Although jokes about millennial pet parents and their “fur babies” are common on social media, it’s true that animals are essentially children.

The college lifestyle typically includes unpredictable schedules, low-income budgets, and rotating living environments. Because they are financially and socially unestablished, college students can’t become successful pet parents without the possibility of harm to the animals they love.

All animals need a certain daily amount of attention and love, requiring the physical presence of their owners.
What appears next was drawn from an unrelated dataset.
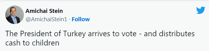 "Президент Турции Эрдоган прибыл на участок для голосования, где раздает деньги детям", — пишет Амичай Штайн в Twitter, публикуя соответствующее видео.
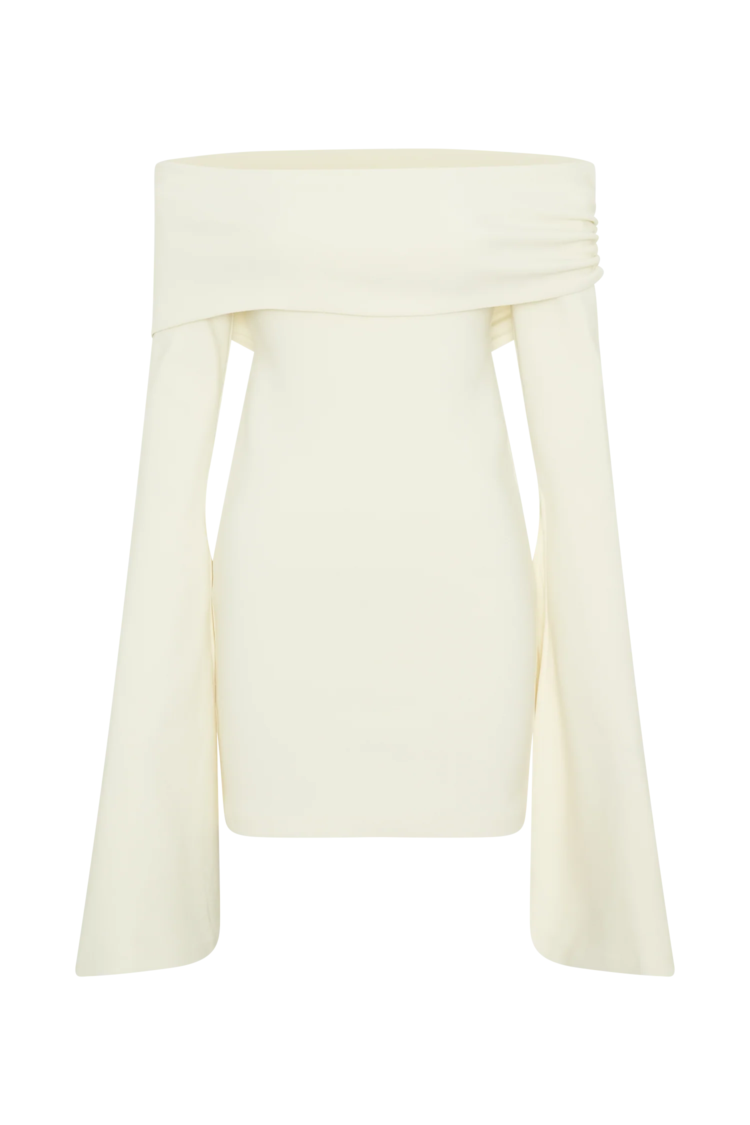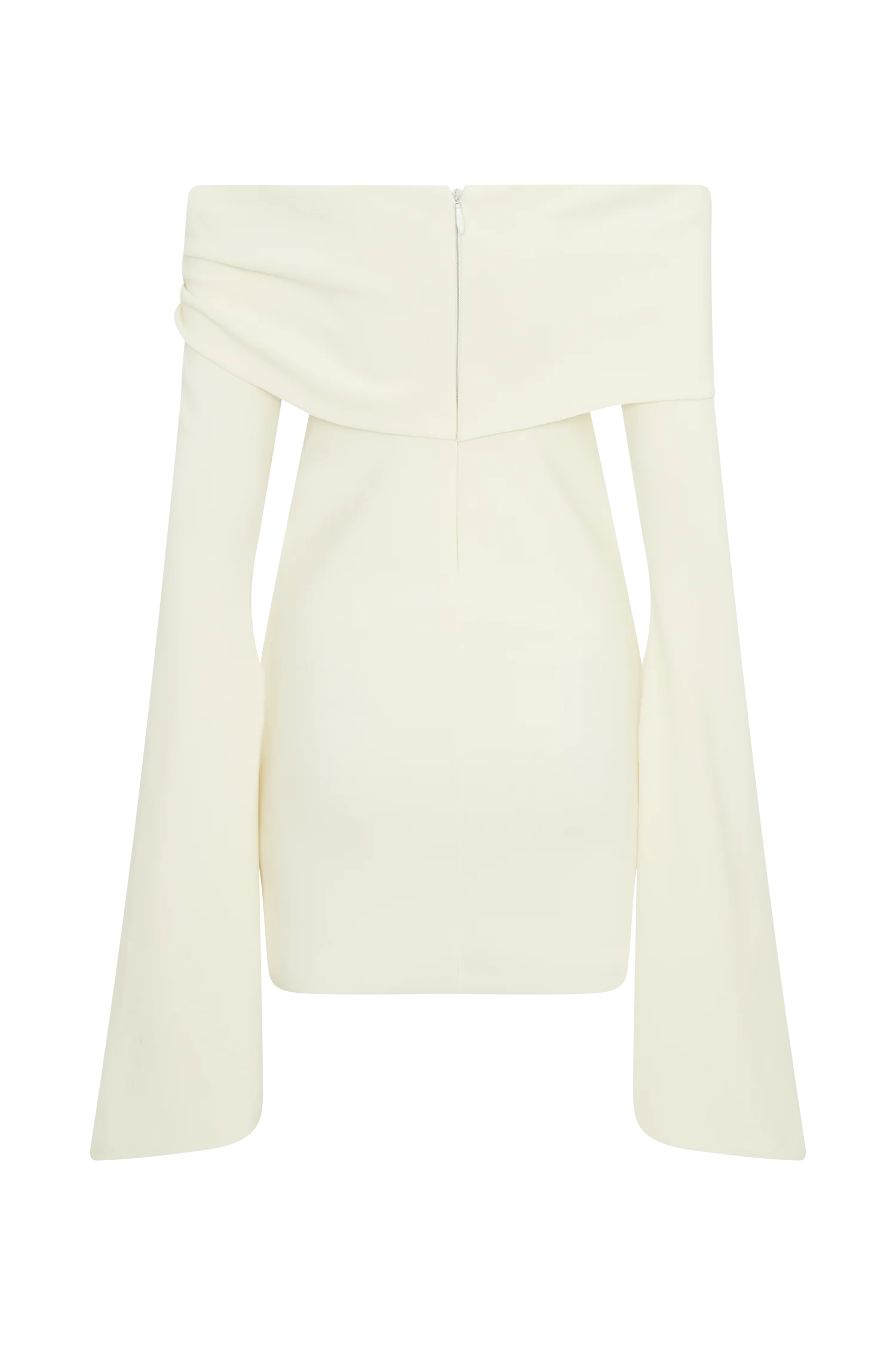 Step into elegance with the DOMINIQUE Off Shoulder Long Sleeve Mini Dress. This striking design features an off-the-shoulder neckline that highlights your collarbone, while the ruched overlay adds a touch of texture and allure. The long flared sleeves bring a dramatic flair, perfectly balancing the fitted silhouette that hugs your curves. Crafted from a stretch fabrication for comfort and ease of movement, this mini-length dress ensures a flattering fit. Finished with a centre back zip closure for a seamless look, this dress is your go-to for turning heads at any occasion.

Other costs and responsibilities associated with pet ownership include medical emergencies and special needs that college students aren’t always able to fit in their budgets last minute.

Recent studies have shown that college students are likely to dump their adopted animals in shelters or even abandon them outside when the financial and social responsibility becomes too much to handle.

Stray animals — specifically feral cats — are a known problem in Iowa City. The issue is not the animals themselves, but rather the unpredictable winter weather and heavy traffic that can endanger stray animals living in unsheltered areas.

College students add to this problem when they take in animals they later decide they cannot care for properly. This problem was especially noted during the height of COVID-19 when many people decided to adopt animals during pandemic lockdown.

Before adopting an animal, potential owners must look past the present to see if a pet fits into their lifestyle for the next 10 — sometimes 20 or more — years.

Because college students can’t guarantee attention, secure housing, or the financial ability to care for an animal, they shouldn’t adopt.


Columns reflect the opinions of the authors and are not necessarily those of the Editorial Board, The Daily Iowan, or other organizations in which the author may be involved.